EDITORIAL | When Kabataan shields abusers, Justice is denied
Justice delayed is justice denied—and in Kabataan Partylist’s (KPL) case, denial came wrapped in protocol and silence.
Yet beneath this seemingly comprehensive update lies a hollow statement for many, especially for those who believe in political organizing built on care, accountability, and collective safety. Why? Because the organization only spoke after public pressure forced its hand. Because their language prioritizes procedure over compassion. Because what should have been a moment for deep, public reckoning has been reduced to a technically correct but emotionally distant performance of responsibility.
KPL’s insistence on “handling the matter internally” is a telling red flag. Gender-based violence is not a purely administrative inconvenience. It is a trauma. It is violence. And it demands response systems rooted not just in due process but in urgency, transparency, and care.
Preventive suspension is not justice. Confronting the accused is not accountability. And stating that legal support was “offered” is not the same as actively enabling access to it. When survivors speak out, they do not need options on paper; they need advocates in practice.
The Statement Reeks of Image Control
The NEC’s statement tries to balance affirming the survivor with protecting the Party’s internal image. “We stand with the survivor,” they say, while carefully avoiding names, details, or timeline transparency. They stress that the accused was not a leader, as if the absence of rank lessens the severity of harm and absolves the institution of responsibility.. The need to uphold “organizational integrity” and “data privacy” is repeated, but the central question remains unanswered:
Where was the care when it was needed most?
By delaying public acknowledgment, by allowing the survivor to become isolated, and by taking action only after online backlash erupted, KPL effectively allowed trauma to fester behind closed doors.
Saying ‘We Fell Short’ Is Not Enough
The Party admits that “support and care to the aggrieved was insufficient...we may have had reasons, but these are no excuses.” This is a rare and important admission. However, it cannot stop at words.
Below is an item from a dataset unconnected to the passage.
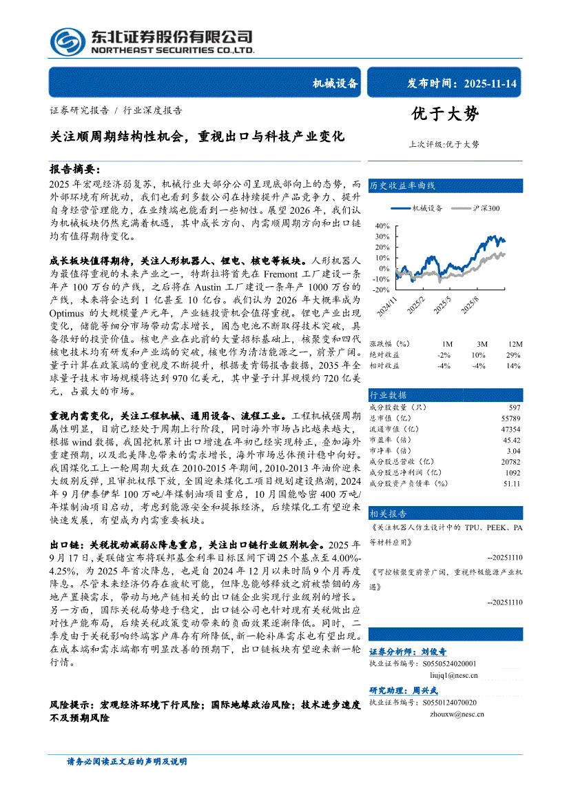 机械设备行业:东北证券-机械设备行业:关注顺周期结构性机会,重视出口与科技产业变化-251114

What the public and especially survivors deserve is a clear breakdown of accountability.
When was the report filed?
Who handled the intake?
What was the timeline between the report and the response?
What measures were taken, and when?
Absent these details, the apology is procedural, not personal. It reads like a press release, not a reckoning.
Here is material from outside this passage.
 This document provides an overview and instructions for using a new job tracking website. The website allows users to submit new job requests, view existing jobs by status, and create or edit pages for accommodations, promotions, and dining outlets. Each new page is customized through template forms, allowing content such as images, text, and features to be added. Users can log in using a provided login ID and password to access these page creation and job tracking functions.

No Systemic Overhaul Has Been Fully Laid Out
The NEC promises policy reviews, gender training, and structural changes. But those promises are not new. Variations of these commitments have been echoed for years across the progressive movement. What is needed now is a real-time demonstration of these reforms: the publication of survivor-centered protocols, the establishment of a trained GBV response unit, clear disciplinary timelines, and guaranteed survivor protection mechanisms.
Without this, the statement is another version of “we will do better”—words we have heard too often from too many organizations that failed to protect their own.
Don’t Politicize What You Failed to Handle
One of the most problematic lines in the NEC statement is the mention of state forces, particularly the NTF-ELCAC, as supposedly weaponizing the issue to discredit activism. While there is a historical basis to critique state red-tagging and co-optation of progressive causes, bringing this up alongside a case of gender-based violence can be seen as a form of deflection. It clouds the real issue and, whether intentional or not, suggests that public criticism of KPL is part of a coordinated attack on the Left.
Let’s be clear: criticizing the Party’s handling of GBV is not an attack on activism. It is activism. Protecting survivors is not counter-revolutionary—it is revolutionary praxis.
This Is What Should Have Happened
Let us name what should have been non-negotiable from the beginning:
- Immediate separation of the accused from shared spaces—no delays, no exceptions.
- Trauma-informed intake procedures are conducted once, documented carefully, and led by trained personnel.
- Medical and psychological intervention within 24 hours—free, accessible, and consistent.
- Automatic legal assistance, not just optional aid.
- Transparent case timeline shared with the survivor.
- Moratorium on organizational duties for the survivor, with financial and emotional support.
- Public commitment to the process, even before public exposure.
- De-center Organizational Reputation.
- Proactively Call Out and Remove Other Perpetrators.
Justice Demands More Than Statements
If KPL wants to retain even a sliver of moral authority among the youth it claims to represent, then its work is just beginning. Expulsion is not resolution. A statement is not accountability. True justice requires rebuilding trust, not just fixing structures, but transforming culture.
Anything less is betrayal.
To stand with survivors is not a slogan. It is a commitment to change everything, starting with how we respond when one of our own is harmed.